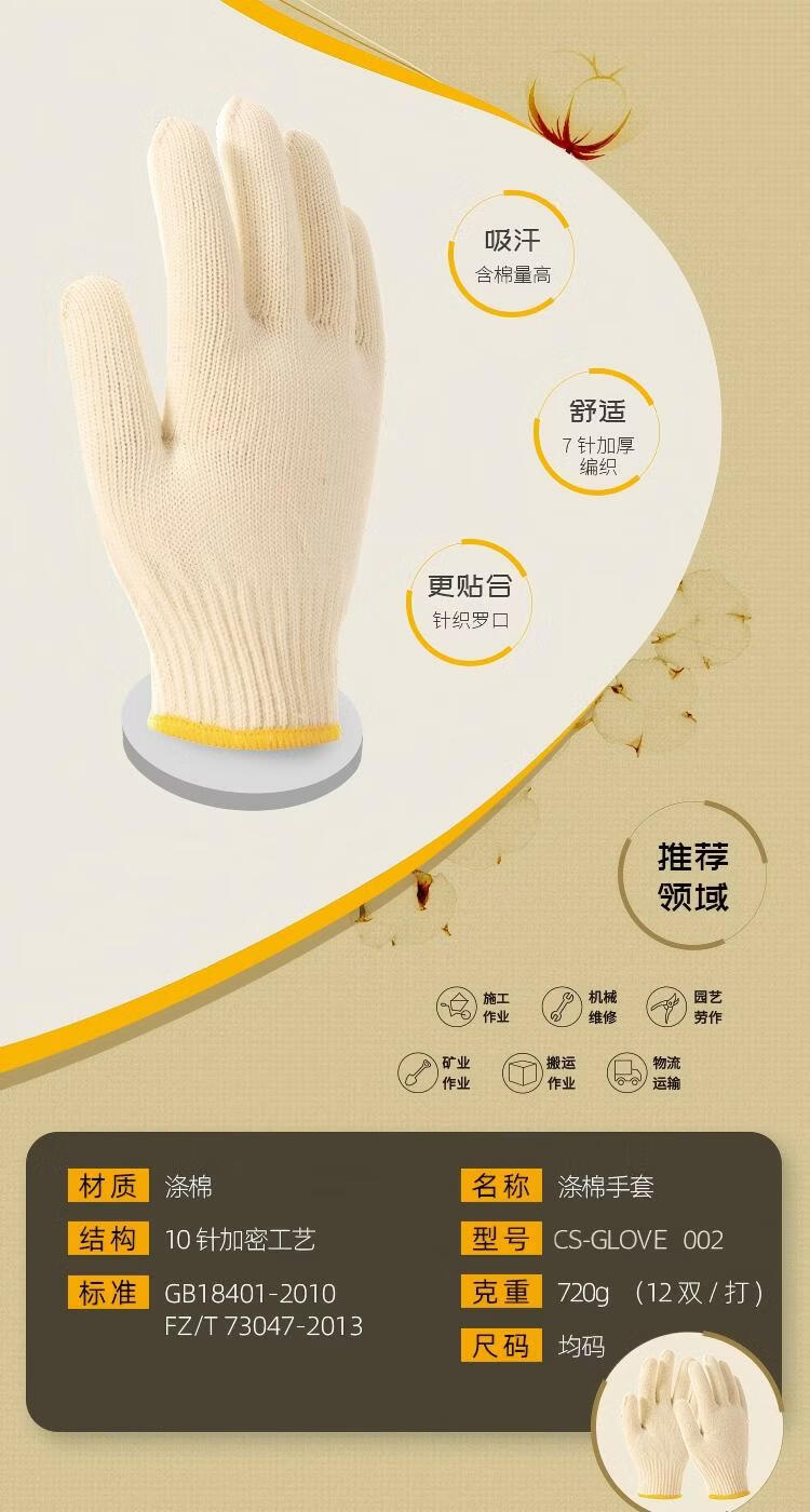 驰色 10针涤棉720克黄边手套 CS-GLOVE 002 12双/打 无色(单位:打)
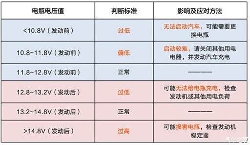一般汽车在不启动发动机的情况下电瓶的电压为12.2V-12.8V。如果低于11.6V时就比较难启动汽车,请尽快关闭其他用电器。当电瓶的电压低于10V时一般就无法启动汽车。
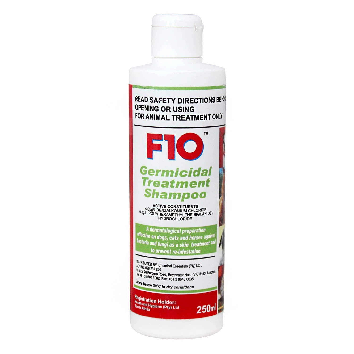 Based on F10SC Veterinary Disinfectant, F10 Germicidal Shampoo is a safe and highly effective product that is registered for use in dogs, cats and horses as a skin treatment against bacteria and fungi, and also to prevent re-infection. As such it is an excellent product for treating common conditions such as ringworm Staph bacterial infections and “hot spots”, as well as yeast infections.

------------------------------------------------------------

WORK ORDER:
An unchanged copy of the data, images excluded, is all that should be given.

RESULT BELOW:
 驰色 10针涤棉720克黄边手套 CS-GLOVE 002 12双/打 无色(单位:打)
一般汽车在不启动发动机的情况下电瓶的电压为12.2V-12.8V。如果低于11.6V时就比较难启动汽车,请尽快关闭其他用电器。当电瓶的电压低于10V时一般就无法启动汽车。
 Based on F10SC Veterinary Disinfectant, F10 Germicidal Shampoo is a safe and highly effective product that is registered for use in dogs, cats and horses as a skin treatment against bacteria and fungi, and also to prevent re-infection. As such it is an excellent product for treating common conditions such as ringworm Staph bacterial infections and “hot spots”, as well as yeast infections.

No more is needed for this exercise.